Make global fit of real data
NLL at global minimum of data: -84995.8 (r = 1.99846e-06)
Make global fit of asimov data
NLL at global minimum of asimov: -84994.9 (r = 3.56712e-05)
At r = 2.235139: q_mu = 6.79976 q_A = 7.43612 CLsb = 0.00456 CLb = 0.54748 CLs = 0.00833
At r = 1.117571: q_mu = 2.29889 q_A = 2.10419 CLsb = 0.06455 CLb = 0.47325 CLs = 0.13639
At r = 1.676355: q_mu = 4.41133 q_A = 4.46089 CLsb = 0.01785 CLb = 0.50469 CLs = 0.03537
At r = 1.396963: q_mu = 3.30703 q_A = 3.19116 CLsb = 0.03447 CLb = 0.48706 CLs = 0.07077
At r = 1.536659: q_mu = 3.84982 q_A = 3.80513 CLsb = 0.02487 CLb = 0.49543 CLs = 0.05021
At r = 1.606507: q_mu = 4.12774 q_A = 4.12767 CLsb = 0.02109 CLb = 0.49999 CLs = 0.04219
At r = 1.571583: q_mu = 3.98801 q_A = 3.96488 CLsb = 0.02291 CLb = 0.49768 CLs = 0.04604
At r = 1.554121: q_mu = 3.91849 q_A = 3.88447 CLsb = 0.02388 CLb = 0.49656 CLs = 0.04809
At r = 1.545390: q_mu = 3.88387 q_A = 3.84455 CLsb = 0.02437 CLb = 0.49600 CLs = 0.04914
At r = 1.541025: q_mu = 3.86652 q_A = 3.82456 CLsb = 0.02463 CLb = 0.49572 CLs = 0.04968
-- Asymptotic --
Observed Limit: r < 1.5410
Expected 2.5%: r < 0.8381
Expected 16.0%: r < 1.1148
Expected 50.0%: r < 1.5448
Expected 84.0%: r < 2.1457
Expected 97.5%: r < 2.8508
Done in 0.62 min (cpu), 0.62 min (real)
Limit results from J. Tao
Steps: 1) prepared the RooWorkspace for mass point Mass between 110 to 150 with CMS-HGG_4763pb.root -- " root -b -q InterpolateMass.C\(${Mass}\)" with Normalization.C for SM Higgs; 2) "combine cms-hgg-datacard.txt -M Asymptotic -m ${Mass} --generateBinnedWorkaround -S 1", "-t Ntoys" can works; 3) "python limit-plotter-complete.py Asymptotic sm -r -s" to get the results; option -r mean the ratio and -s means smoothing, you can choose none(abs limit)/one(ratio or smoothing)/both (ratio and smoothing) of these 2 options.

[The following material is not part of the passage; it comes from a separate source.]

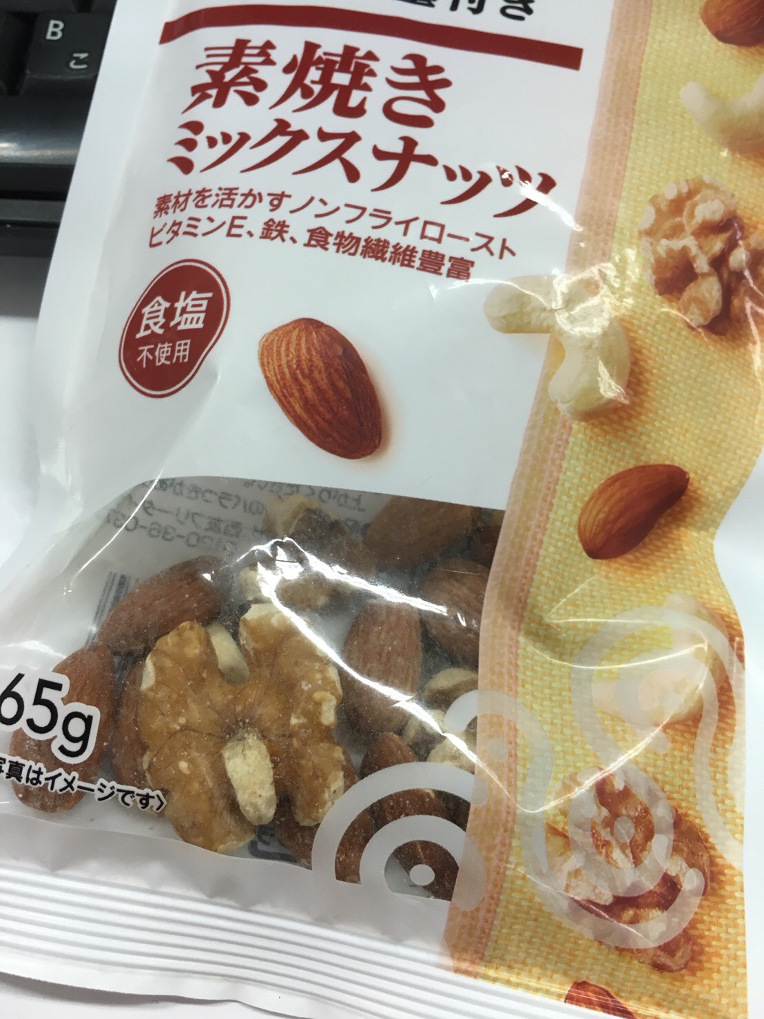 代表の受け売りで、お昼は鶏むね肉とサラダ、おやつはミックスナッツ。

the HiggsAnalysis/HiggsTo2 photons compiles with the following packages:
Test Release based on: CMSSW_4_2_8_patch2
Base Release in: /afs/cern.ch/cms/slc5_amd64_gcc434/cms/cmssw-patch/CMSSW_4_2_8_patch2
Your Test release in: /afs/cern.ch/user/o/obondu/scratch0/Higgs/GlobeTest/CMSSW_4_2_8_patch2__baseline_workspace_08Dec2011_nw
--- Tag --- -------- Package --------
V06-22-00 CondFormats/DataRecord
V00-03-01 CondFormats/EgammaObjects
baseline_workspace_08Dec2011_nw HiggsAnalysis/HiggsTo2photons
regression_Dec3d RecoEgamma/EgammaTools
---------------------------------------
total packages: 4 (4 displayed)
The NN function has to be included in GeneralFunctions_cc.h and GeneralFunctions_h.h files (see files in /afs/cern.ch/user/o/obondu/public/forHgg)

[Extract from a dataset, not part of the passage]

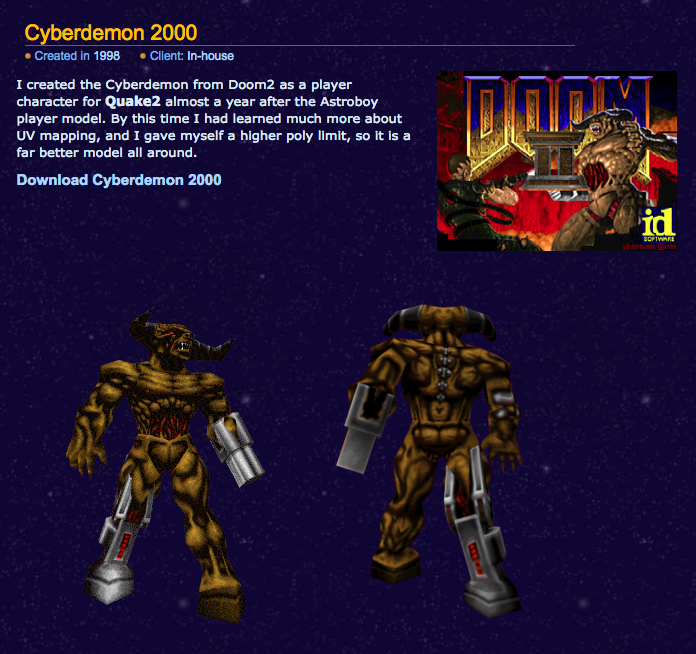 “Made for both Q2PPM and Q2Mods CyberDemon 2000 is Horny, Hungry, and after Blood. It’s been 5 years since he was last let out to play and he’s mad as hell.”

The NN weights (latest version from Hugues) is to be included in weights/TMVAClassification_MLP.class.C (see files in /afs/cern.ch/user/o/obondu/public/forHgg)
The input NN variables have to be recognized by globe (note that they ARE in V11_04_05 version of the non-reduced globetuples located in /castor/cern.ch/user/c/cmshgg/processed/V11_04_05): several files in the branchdef/ folder have to be modified (see files in /afs/cern.ch/user/o/obondu/public/forHgg)
This way both the make in the h2gglobe folder should do it and the scramv1 build in the CMSSW folder
Nicolas' core modifications are available here : /afs/cern.ch/user/c/chanon/public/forOlivier
Add NN variables to the reduction step
/sps/cms/chanon/save/ARCHIVE_OldCMSSWreleasesLxplus/CMSSW_4_2_8_patch7/src/HiggsAnalysis/HiggsTo2photons/h2gglobe/ contains an old installation of globe (LP?), with fixed pt cuts, and no energy regression
Example: go to /sps/cms/chanon/save/ARCHIVE_OldCMSSWreleasesLxplus/CMSSW_4_2_8_patch7/src/HiggsAnalysis/HiggsTo2photons/h2gglobe/PhotonAnalysis_scripts/ReduceGJet/ and create the jobs with createH2GGlobeReducer.bash then go in the Jobs directory, you can launch them with bsub -q 1nh RunCastorH2GGlobeReducer_0,1,2...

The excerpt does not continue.